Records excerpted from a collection
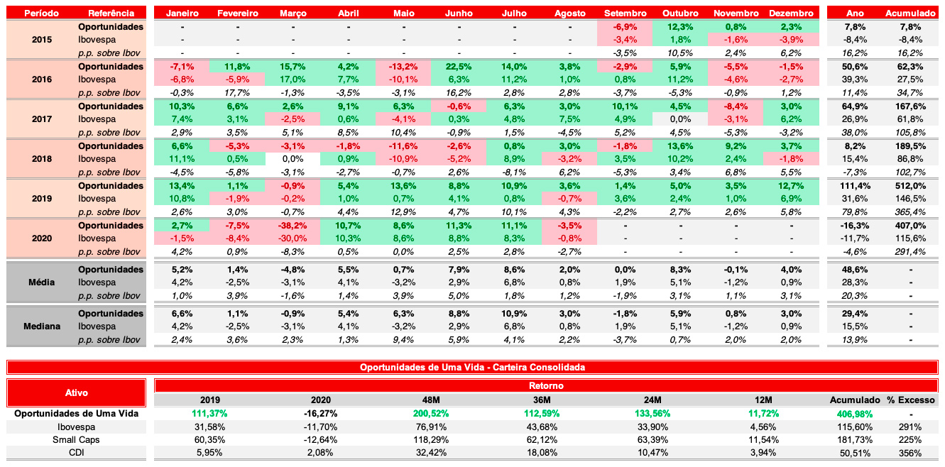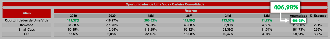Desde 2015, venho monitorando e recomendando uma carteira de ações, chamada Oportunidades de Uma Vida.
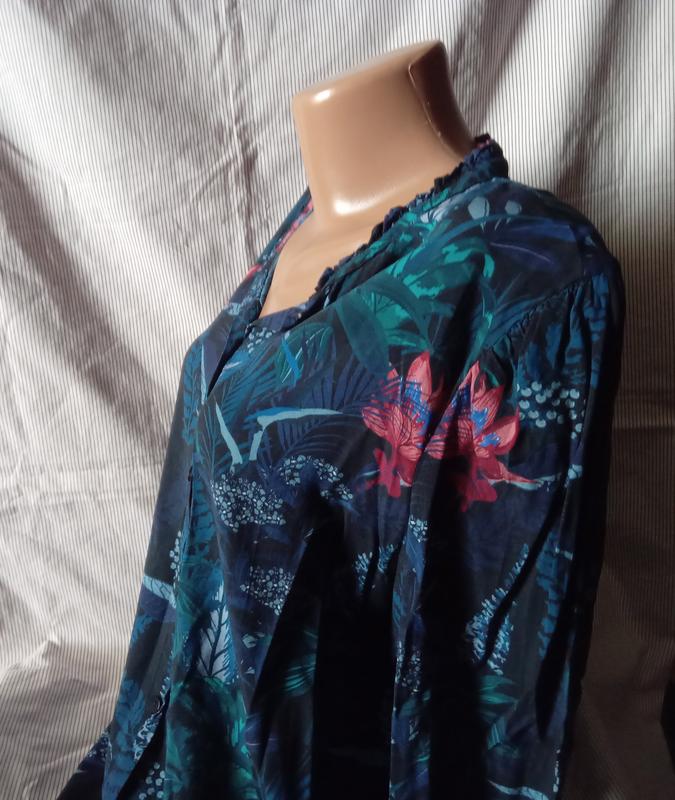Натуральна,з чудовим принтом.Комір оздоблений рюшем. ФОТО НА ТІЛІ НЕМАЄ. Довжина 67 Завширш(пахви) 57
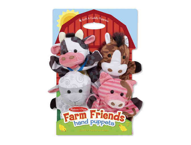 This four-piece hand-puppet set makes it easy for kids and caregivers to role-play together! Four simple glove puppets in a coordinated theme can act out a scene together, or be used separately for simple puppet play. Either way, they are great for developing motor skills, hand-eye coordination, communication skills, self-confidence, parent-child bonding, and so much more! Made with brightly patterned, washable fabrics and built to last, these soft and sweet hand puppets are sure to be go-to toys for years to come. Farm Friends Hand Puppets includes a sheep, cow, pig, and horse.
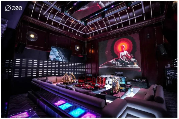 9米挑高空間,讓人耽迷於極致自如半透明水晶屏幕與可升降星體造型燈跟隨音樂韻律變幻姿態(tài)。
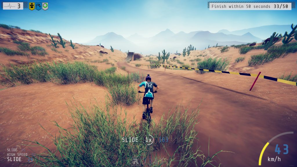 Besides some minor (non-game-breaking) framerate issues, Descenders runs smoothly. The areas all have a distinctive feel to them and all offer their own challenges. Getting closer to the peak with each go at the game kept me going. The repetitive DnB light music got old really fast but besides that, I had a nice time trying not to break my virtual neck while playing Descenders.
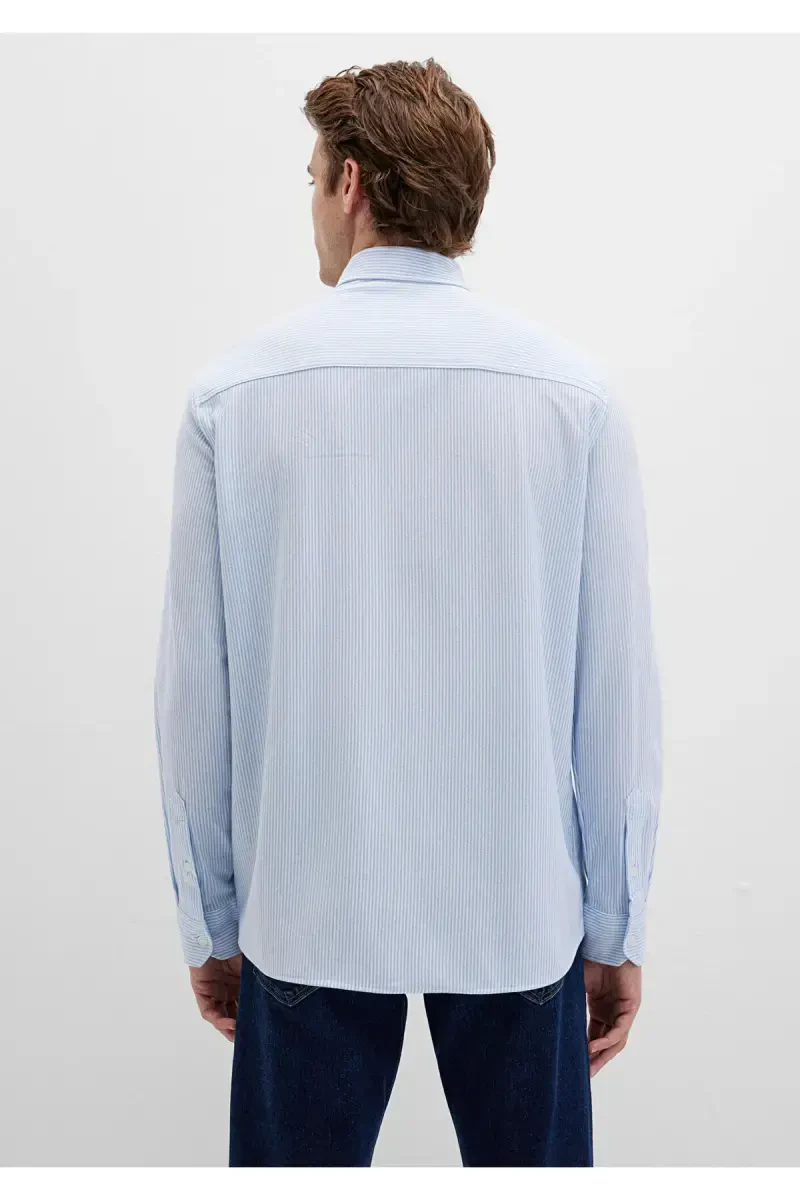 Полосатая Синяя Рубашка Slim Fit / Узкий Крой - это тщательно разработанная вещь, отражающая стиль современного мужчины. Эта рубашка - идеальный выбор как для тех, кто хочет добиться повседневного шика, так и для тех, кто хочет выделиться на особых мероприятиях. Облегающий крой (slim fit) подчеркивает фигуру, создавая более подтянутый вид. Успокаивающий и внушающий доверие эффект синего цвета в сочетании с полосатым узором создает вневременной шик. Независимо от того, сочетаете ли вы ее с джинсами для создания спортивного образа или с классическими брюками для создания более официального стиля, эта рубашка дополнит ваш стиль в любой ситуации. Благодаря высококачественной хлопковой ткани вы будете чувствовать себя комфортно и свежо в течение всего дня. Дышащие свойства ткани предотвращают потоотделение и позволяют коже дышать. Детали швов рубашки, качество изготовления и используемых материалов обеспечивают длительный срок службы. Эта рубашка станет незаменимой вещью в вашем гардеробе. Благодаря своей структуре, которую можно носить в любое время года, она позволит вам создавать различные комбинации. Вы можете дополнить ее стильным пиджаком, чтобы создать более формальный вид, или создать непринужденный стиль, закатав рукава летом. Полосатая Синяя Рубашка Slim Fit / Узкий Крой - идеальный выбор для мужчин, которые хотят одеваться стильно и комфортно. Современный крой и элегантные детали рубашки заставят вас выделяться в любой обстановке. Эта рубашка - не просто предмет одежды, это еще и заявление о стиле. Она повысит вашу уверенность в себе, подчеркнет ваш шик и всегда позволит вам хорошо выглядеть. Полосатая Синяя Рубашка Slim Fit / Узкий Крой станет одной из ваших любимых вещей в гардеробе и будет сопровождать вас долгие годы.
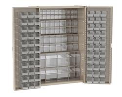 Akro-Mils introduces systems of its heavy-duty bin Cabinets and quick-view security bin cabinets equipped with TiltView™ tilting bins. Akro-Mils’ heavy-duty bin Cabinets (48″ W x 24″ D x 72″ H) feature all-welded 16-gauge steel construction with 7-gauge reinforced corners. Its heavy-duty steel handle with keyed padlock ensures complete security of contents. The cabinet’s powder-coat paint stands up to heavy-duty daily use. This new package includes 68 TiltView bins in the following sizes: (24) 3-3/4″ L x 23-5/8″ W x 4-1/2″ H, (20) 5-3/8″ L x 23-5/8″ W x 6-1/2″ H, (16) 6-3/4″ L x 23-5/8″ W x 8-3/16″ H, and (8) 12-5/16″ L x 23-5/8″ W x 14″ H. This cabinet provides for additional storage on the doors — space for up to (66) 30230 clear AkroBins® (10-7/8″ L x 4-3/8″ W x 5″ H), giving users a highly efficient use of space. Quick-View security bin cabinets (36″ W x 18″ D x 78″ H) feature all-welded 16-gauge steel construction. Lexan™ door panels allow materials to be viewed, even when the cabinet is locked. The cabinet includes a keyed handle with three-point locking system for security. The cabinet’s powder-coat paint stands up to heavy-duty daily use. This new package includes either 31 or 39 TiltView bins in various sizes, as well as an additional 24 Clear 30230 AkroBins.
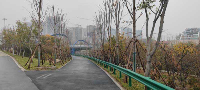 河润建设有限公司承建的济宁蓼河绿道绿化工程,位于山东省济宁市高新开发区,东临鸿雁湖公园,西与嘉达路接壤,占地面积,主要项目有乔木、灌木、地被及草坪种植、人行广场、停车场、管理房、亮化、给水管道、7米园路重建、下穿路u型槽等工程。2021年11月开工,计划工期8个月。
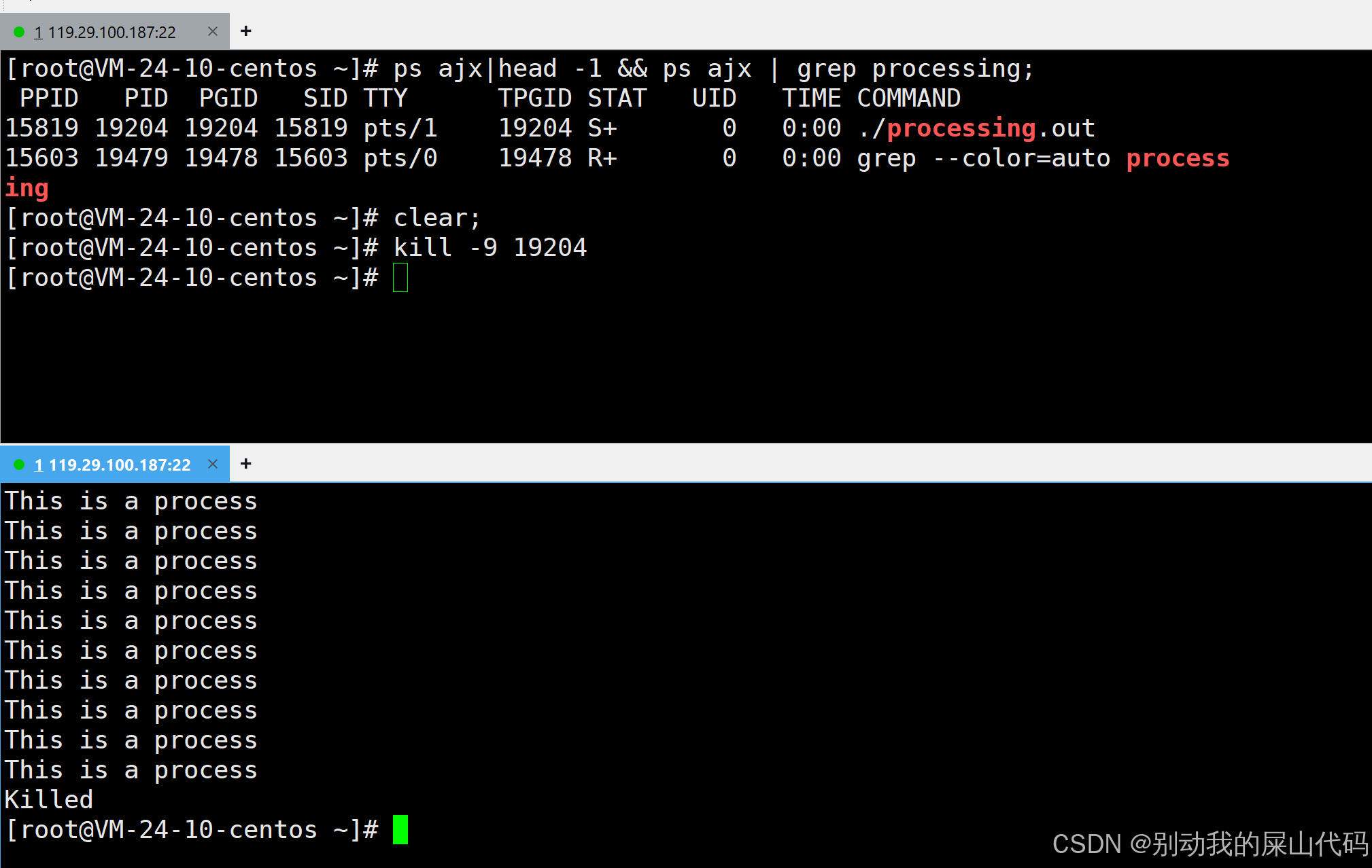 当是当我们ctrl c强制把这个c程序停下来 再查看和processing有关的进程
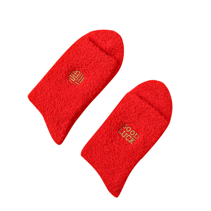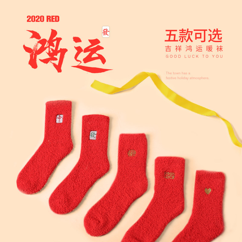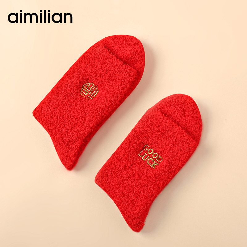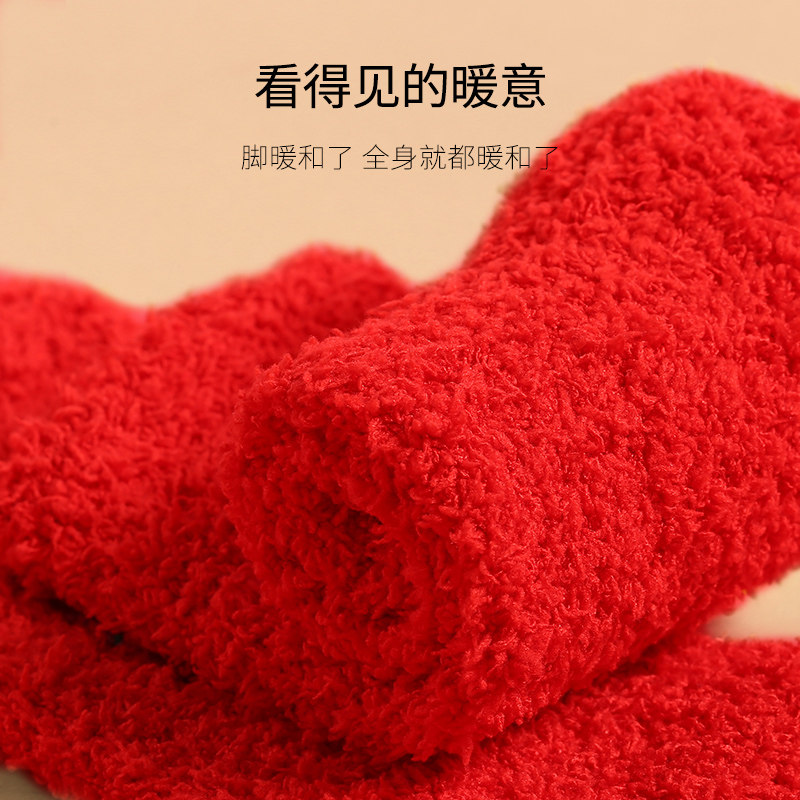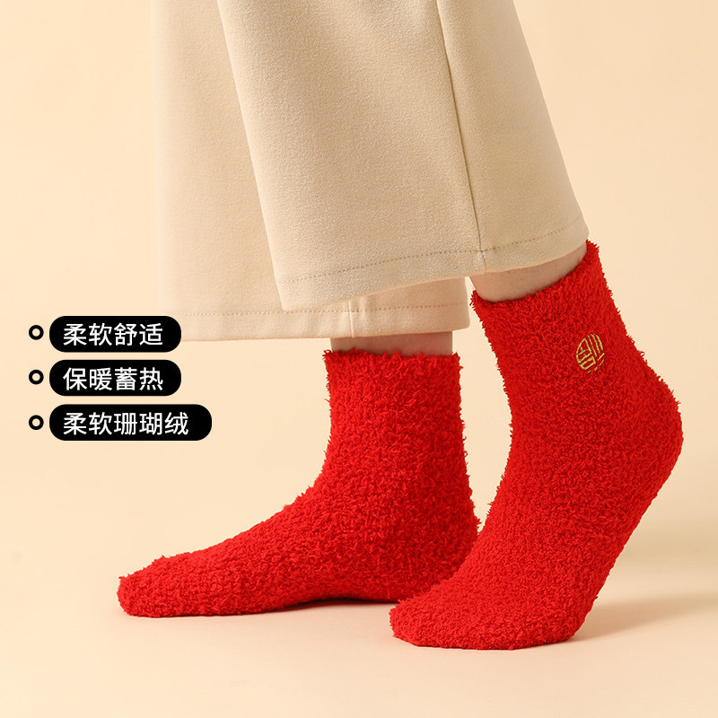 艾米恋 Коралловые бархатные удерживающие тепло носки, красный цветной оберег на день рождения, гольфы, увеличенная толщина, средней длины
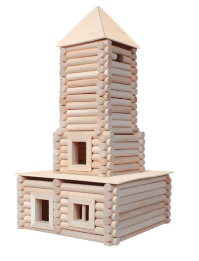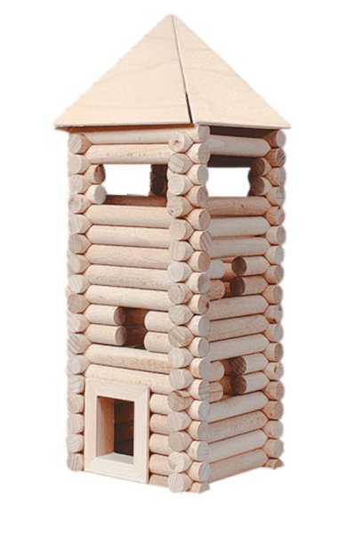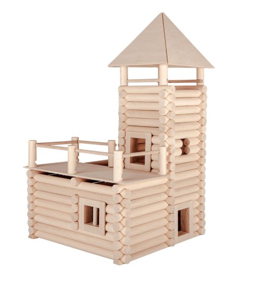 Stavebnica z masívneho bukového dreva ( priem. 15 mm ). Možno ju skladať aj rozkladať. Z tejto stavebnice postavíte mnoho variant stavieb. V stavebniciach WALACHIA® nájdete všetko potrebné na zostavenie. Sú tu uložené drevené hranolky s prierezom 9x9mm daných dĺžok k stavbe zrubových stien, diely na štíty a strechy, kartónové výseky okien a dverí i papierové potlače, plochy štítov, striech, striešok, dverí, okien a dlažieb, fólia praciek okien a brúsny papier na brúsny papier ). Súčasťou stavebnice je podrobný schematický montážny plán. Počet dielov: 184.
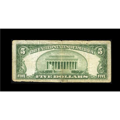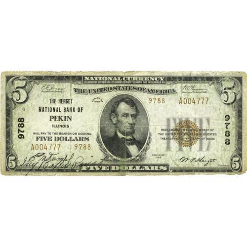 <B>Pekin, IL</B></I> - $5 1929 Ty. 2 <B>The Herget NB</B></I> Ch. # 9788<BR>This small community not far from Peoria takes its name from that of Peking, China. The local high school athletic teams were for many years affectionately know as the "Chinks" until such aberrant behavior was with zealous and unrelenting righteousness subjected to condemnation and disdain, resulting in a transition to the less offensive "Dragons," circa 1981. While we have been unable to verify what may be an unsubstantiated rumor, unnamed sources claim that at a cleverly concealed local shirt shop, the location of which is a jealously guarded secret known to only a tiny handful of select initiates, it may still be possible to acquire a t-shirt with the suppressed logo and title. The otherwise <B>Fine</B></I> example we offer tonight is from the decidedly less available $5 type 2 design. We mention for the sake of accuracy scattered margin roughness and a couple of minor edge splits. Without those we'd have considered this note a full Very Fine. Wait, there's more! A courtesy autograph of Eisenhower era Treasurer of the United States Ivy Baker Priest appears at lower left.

Your goal – Repeat only what lies between the start of the data and the end of the line containing "Besides some minor", exactly, with pictures left out.

Output for this exercise –
Desde 2015, venho monitorando e recomendando uma carteira de ações, chamada Oportunidades de Uma Vida.
Натуральна,з чудовим принтом.Комір оздоблений рюшем. ФОТО НА ТІЛІ НЕМАЄ. Довжина 67 Завширш(пахви) 57
 This four-piece hand-puppet set makes it easy for kids and caregivers to role-play together! Four simple glove puppets in a coordinated theme can act out a scene together, or be used separately for simple puppet play. Either way, they are great for developing motor skills, hand-eye coordination, communication skills, self-confidence, parent-child bonding, and so much more! Made with brightly patterned, washable fabrics and built to last, these soft and sweet hand puppets are sure to be go-to toys for years to come. Farm Friends Hand Puppets includes a sheep, cow, pig, and horse.
 9米挑高空間,讓人耽迷於極致自如半透明水晶屏幕與可升降星體造型燈跟隨音樂韻律變幻姿態(tài)。
 Besides some minor (non-game-breaking) framerate issues, Descenders runs smoothly. The areas all have a distinctive feel to them and all offer their own challenges. Getting closer to the peak with each go at the game kept me going. The repetitive DnB light music got old really fast but besides that, I had a nice time trying not to break my virtual neck while playing Descenders.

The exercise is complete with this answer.